The internet has opened up a plethora of work-from-home opportunities, yet alongside them come plenty of online scammers that are looking to trick and fool you.
When you may never actually meet the person you are working with, the person who has hired you and who is paying for your hard work, it can be difficult to establish any level of trust. And when you are aware of the fact that there are people out there with dishonest intentions – well, it becomes even harder.
Instead of giving up on finding a great work-from-home job online, focus on figuring out if the job is legitimate or not. Our guide is here to help you with that.
1. Red Flags to Watch Out For
There are a number of signals that can very quickly tell you a job is not legitimate:
- It sounds too good to be true. If someone is promising very unrealistically high incomes for very little to no work, it’s probably a scam. There is no legitimate “get rich quick” job out there. Getting rich involves a lot of work.
- You have to pay to play. Any job that requires you to pay to become a part of the company is a scam and should be avoided.
- The company can’t be found online. If you can’t find any data about your potential employer online, you are better off just ignoring the offer. While not all companies will have a website, virtually all will have some sort of online presence, at least on social media.
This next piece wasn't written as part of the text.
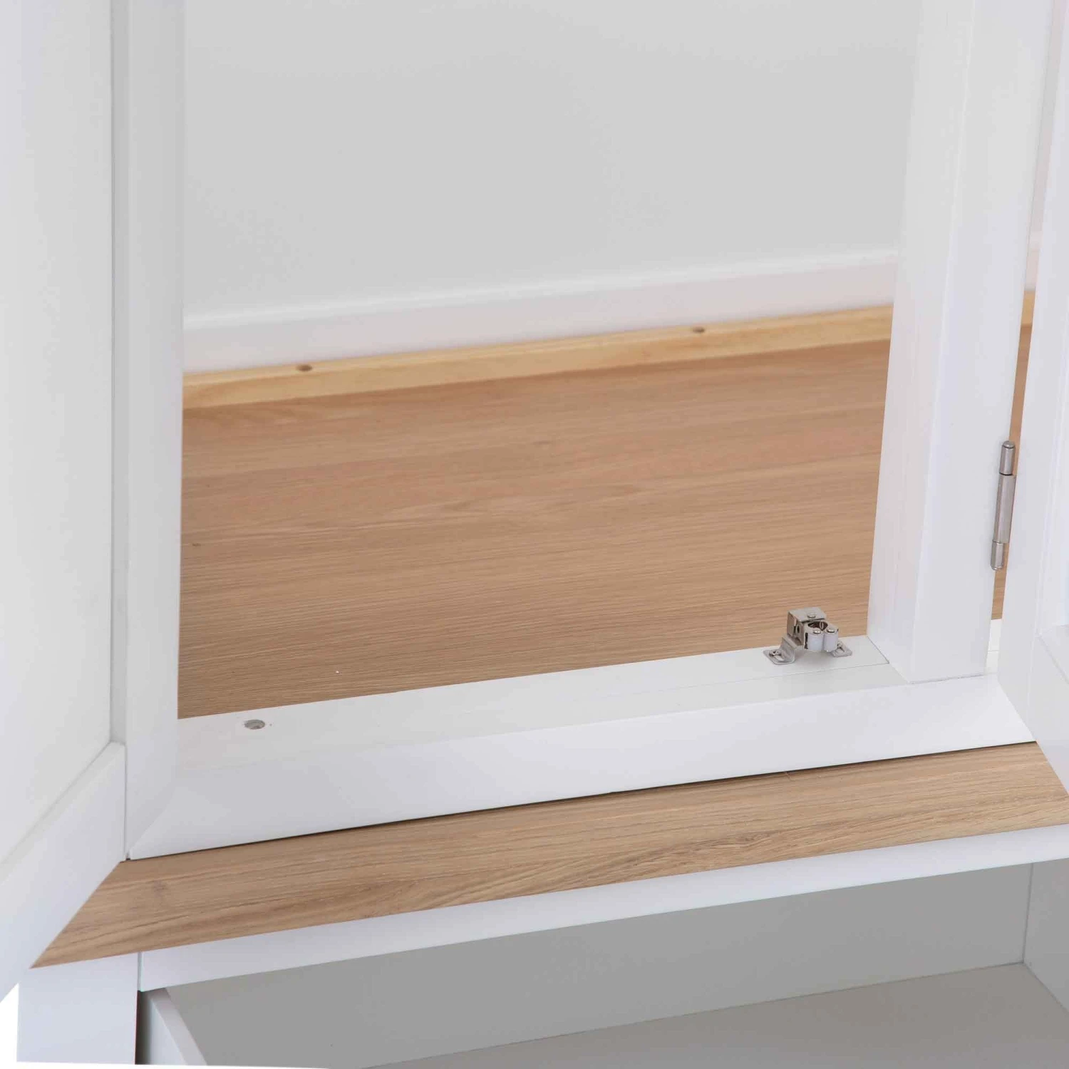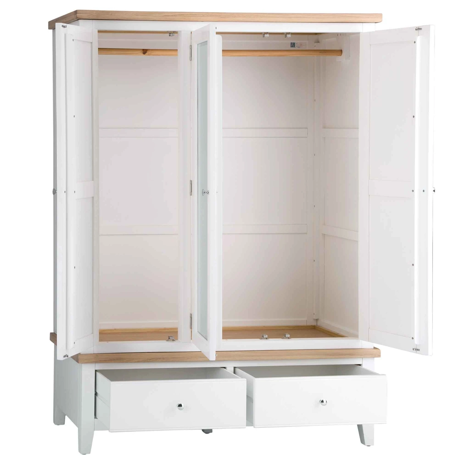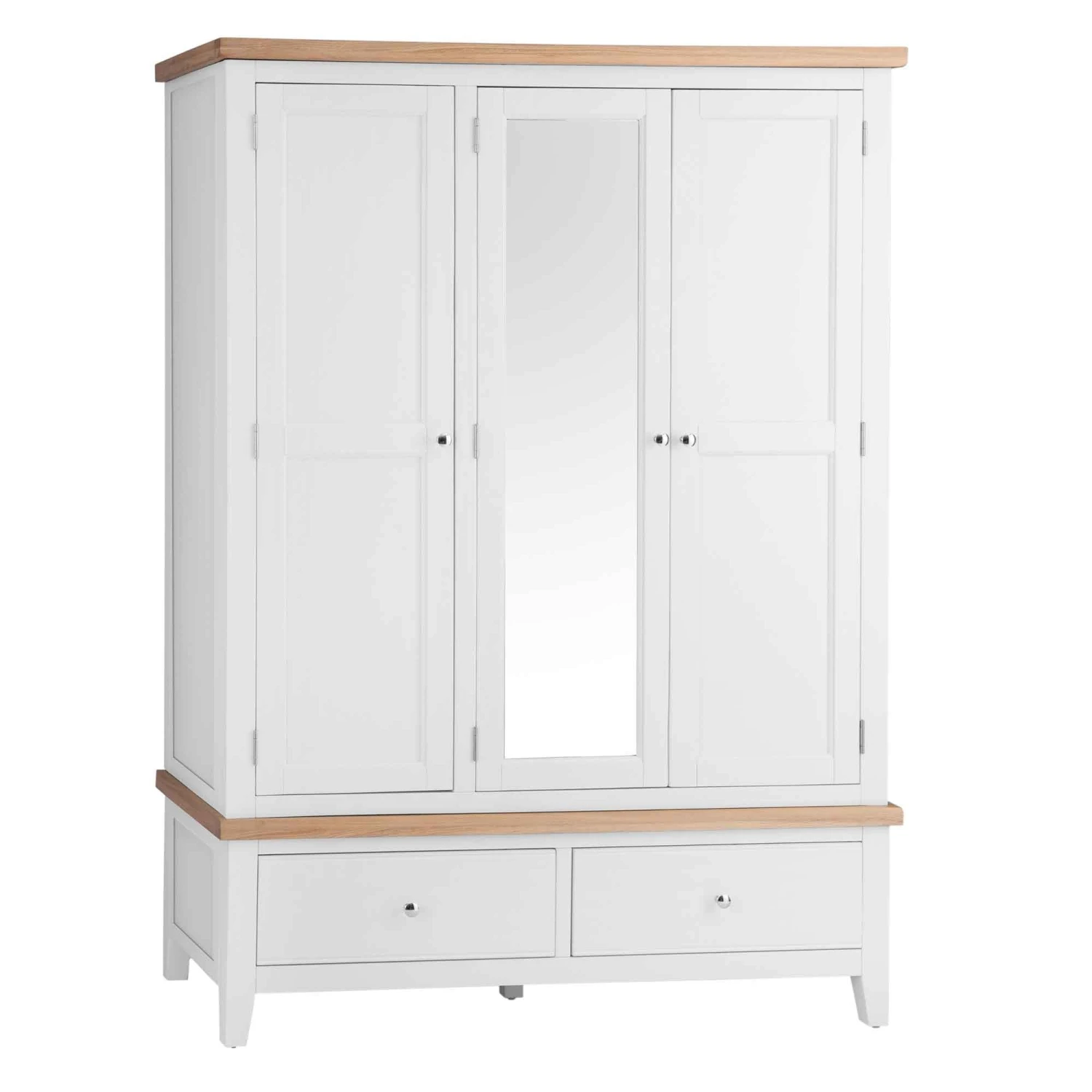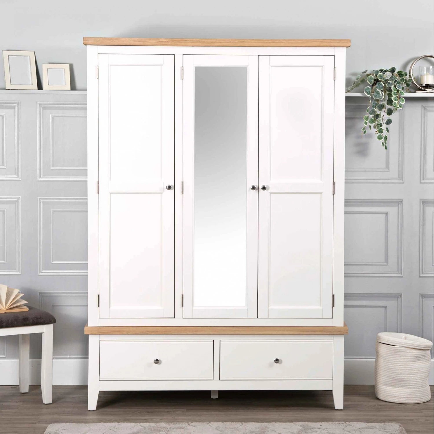 The Eastbury White 3 Door Wardrobe seamlessly blends rustic warmth with a contemporary design, the wardrobe is finished with a stunning bright white paint and trimmed with washed oak top and detailing as well as the hanging rail inside. For extra storage there is 2 spacious drawers to the bottom and 3 doors for the wardrobe with the middle door featuring a full length mirror. The drawers and 3 doors are compete with small chrome handles that fit seamlessly with the design. Display this beautiful designed wardrobe with matching items from the Eastbury White Bedroom Collection.
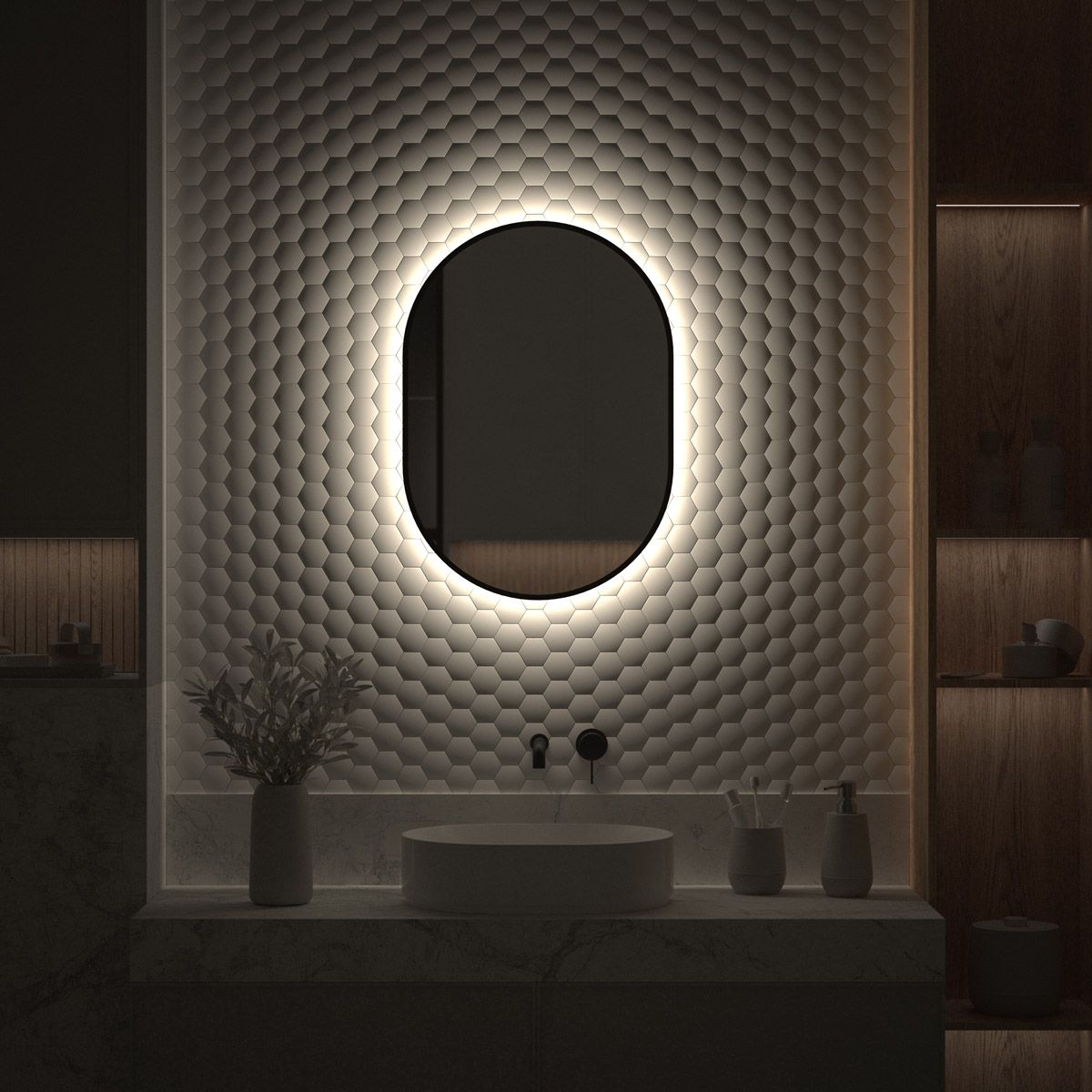 Светодиодная подсветка с цветовой температурой 4500 Кельвинов обеспечивает яркость и комфортную атмосферу в любое время суток. Это зеркало не имеет выключателя и может быть легко подключено к подготовленному электро-выводу из стены. Возможен как вертикальный, так и горизонтальный монтаж.

- They are asking for a lot of personal information. While there is certainly some information you will need to provide at an interview, questions that seem to go too deep into your personal life, or very specific data being asked of you, can be a sign of potential identity theft. Don’t provide any information you do not feel comfortable providing.
2. Read the Job Description Carefully
The job description should tell you everything you need to know: whether it is a part-time or a full-time position, what sorts of hours are expected, what time zones you will be working in, and what is expected of you.
True, some companies will not provide all of this information in the ad itself, but they will be ready to answer all the questions you may have. Platforms like Upwork are also full of ads that give you virtually no information about the job itself, where those posting the job are not sure what they need.
If a job sounds like a scam and does not provide enough detail, you can choose to enquire further, or simply skip the post altogether.
3. Check What Kinds of Qualifications are Required
If someone does not care about your qualifications at all – there is no education required, no specific skills, they don’t care what your personality is like, and are willing to start working with you no matter what – it’s most likely a scam.
While it’s true that there are jobs online that don’t require a very specific set of skills, like data entry, online research, and so on, an employer should still care about hiring the best person for the job. Even if that merely means finding someone they click with.
4. Check the Company’s Details
Before taking on a job, make sure you research the company. Here are a few things to look out for:
- Where are they registered?
- Is their address fake?
- Do they have a phone number?
- What happens when you email the contact on their website?
Google the company’s name, and you might find people on forums and other boards discussing a scam or bad treatment related to this company. The more you can find out up front, the better poised you will be later on.
5. Ask a Lot of Questions
Whether the job seems to be a legitimate offer or not, make sure you ask all the questions that come to mind before you take on the job.
Everything from hours, to payments, to the people you will be working with and the expectations the company has for you should be covered before you agree to anything.
If anything in the answers you get sounds fishy, or if some questions persistently remain unanswered, it is more likely you are dealing with a scam.
6. What Kinds of Jobs Can You Do From Home?
There are also jobs out there that might sound like a scam, but which are actually perfectly legitimate. Let’s explore two examples.
For one, day trading can sound like a complete fraud. However, in reality, day trading is a very legit way to earn a living, if you approach it correctly. You will not get rich overnight, and you can’t expect to make a living after a day or two. If that’s what someone is offering, that is a scam. But if the incomes sound realistic, give it a go.
Data entry and online research are also often a possible scam. However, there are plenty of small digital agencies that need someone to put in a couple of hours of manual work to find something online. Anything from the contact information of certain companies (for lead generation) to the search terms someone is ranking for can be part of a legit job. If the company answers your questions and has a positive online presence, they are likely okay to work with.
If you are diligent about doing your research, and if you are logical and cautious enough, you should very easily be able to spot a scam. In truth, most scammers are not even that good at hiding the fact that they are not a legitimate company and that they are not offering anything tangible. Just keep your eyes open, trust your instincts, and happy job hunting!